• **MATERIAL PROVIDED**
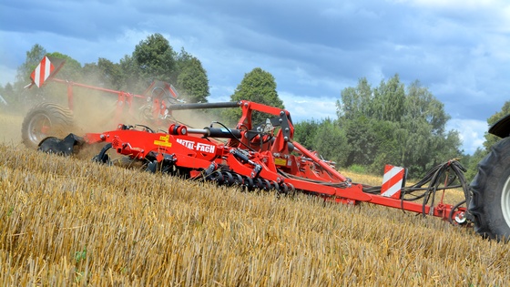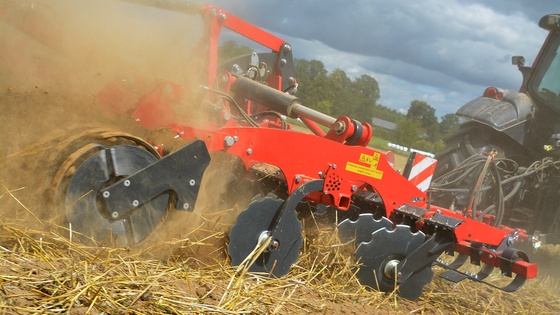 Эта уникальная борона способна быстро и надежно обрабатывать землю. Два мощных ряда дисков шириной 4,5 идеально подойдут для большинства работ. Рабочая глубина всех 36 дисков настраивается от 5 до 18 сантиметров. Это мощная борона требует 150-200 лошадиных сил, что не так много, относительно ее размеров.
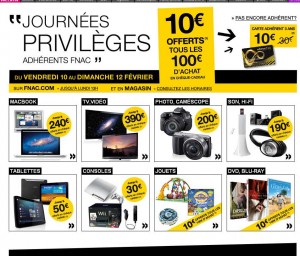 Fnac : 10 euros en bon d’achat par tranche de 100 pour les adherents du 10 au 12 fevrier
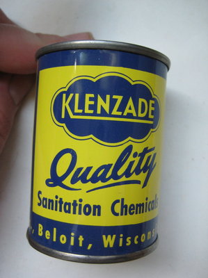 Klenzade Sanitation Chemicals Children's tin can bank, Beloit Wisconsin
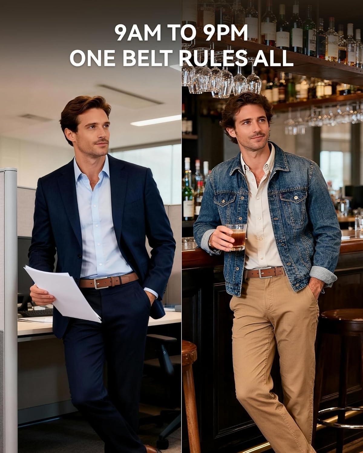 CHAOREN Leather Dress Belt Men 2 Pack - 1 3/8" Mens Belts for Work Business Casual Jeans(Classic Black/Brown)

---

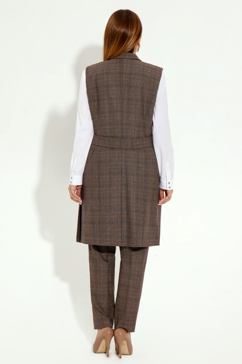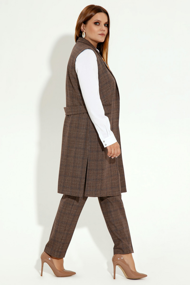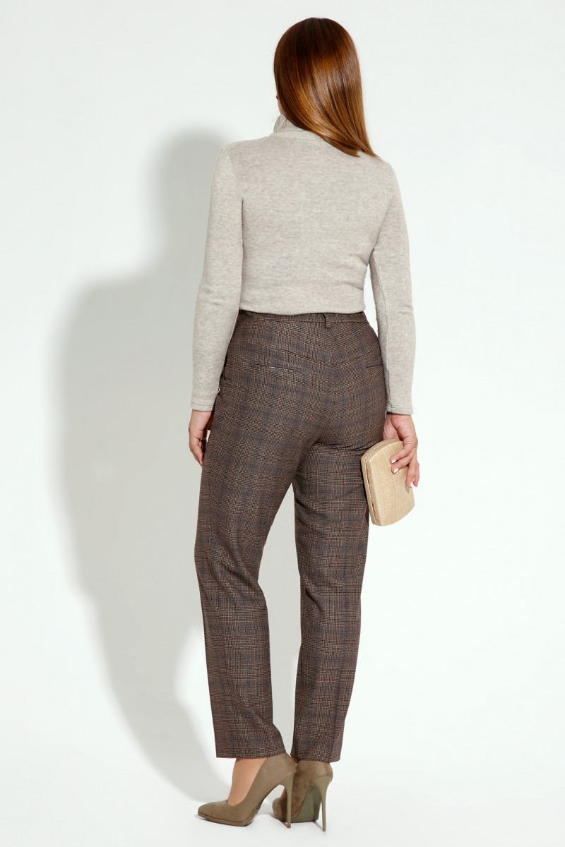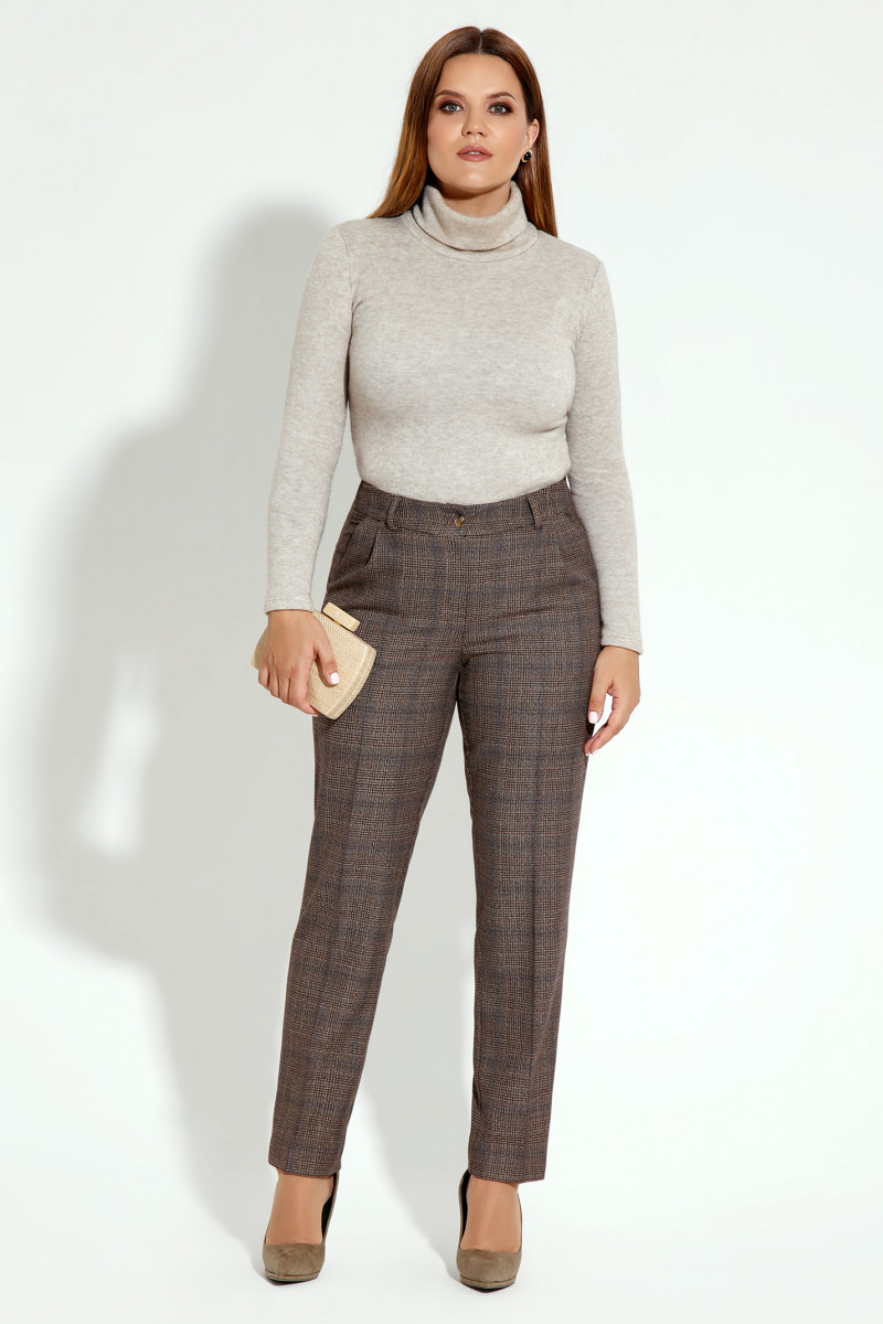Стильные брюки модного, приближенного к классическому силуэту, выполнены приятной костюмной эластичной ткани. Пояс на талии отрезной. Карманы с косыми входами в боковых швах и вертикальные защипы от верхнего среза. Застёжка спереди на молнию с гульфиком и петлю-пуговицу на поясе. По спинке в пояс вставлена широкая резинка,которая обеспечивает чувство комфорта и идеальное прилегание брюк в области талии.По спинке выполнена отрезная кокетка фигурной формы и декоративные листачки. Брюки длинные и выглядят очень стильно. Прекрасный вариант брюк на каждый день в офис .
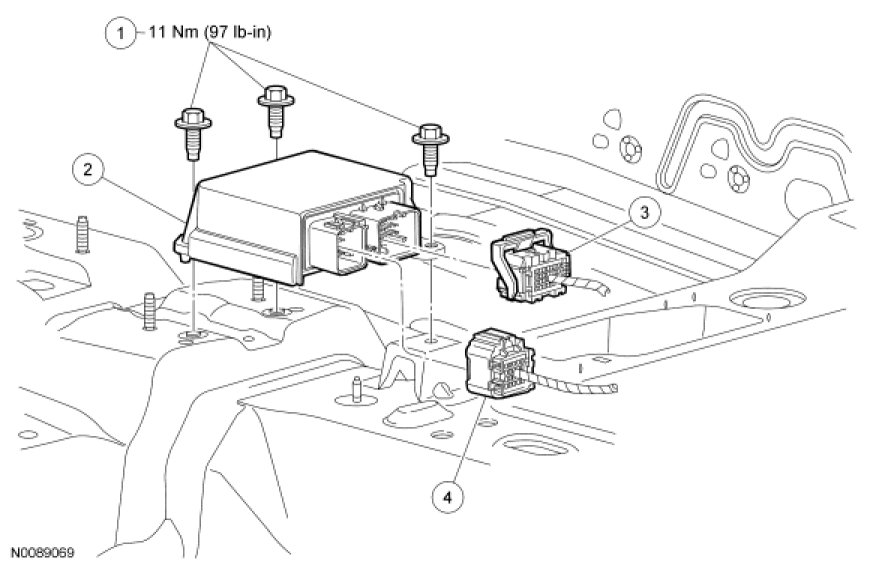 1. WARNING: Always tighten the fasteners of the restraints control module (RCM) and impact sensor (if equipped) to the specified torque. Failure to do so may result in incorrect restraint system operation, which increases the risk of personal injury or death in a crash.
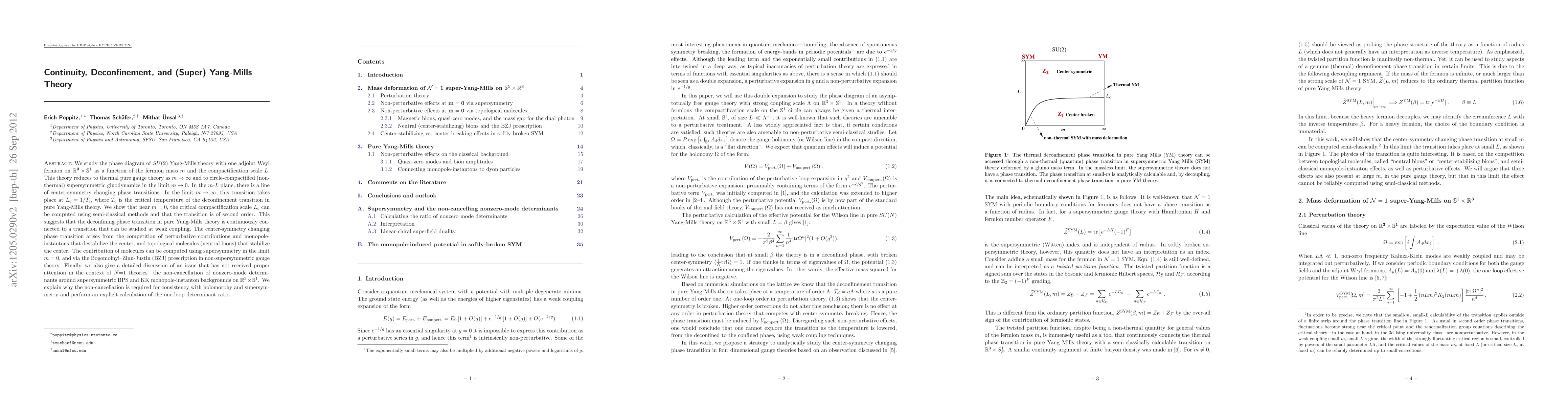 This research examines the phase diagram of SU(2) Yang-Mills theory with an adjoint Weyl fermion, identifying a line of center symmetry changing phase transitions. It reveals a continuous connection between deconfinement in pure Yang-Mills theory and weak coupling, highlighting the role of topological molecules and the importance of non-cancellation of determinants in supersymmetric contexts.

• **PROBLEM DETAILS**
All lines above starting at the one with "Fnac : 10 euros" and ending at the one with "CHAOREN Leather Dress", inclusive, are to be printed again exactly, with the pictures left out.

• **TASK RESULT**
 Fnac : 10 euros en bon d’achat par tranche de 100 pour les adherents du 10 au 12 fevrier
 Klenzade Sanitation Chemicals Children's tin can bank, Beloit Wisconsin
 CHAOREN Leather Dress Belt Men 2 Pack - 1 3/8" Mens Belts for Work Business Casual Jeans(Classic Black/Brown)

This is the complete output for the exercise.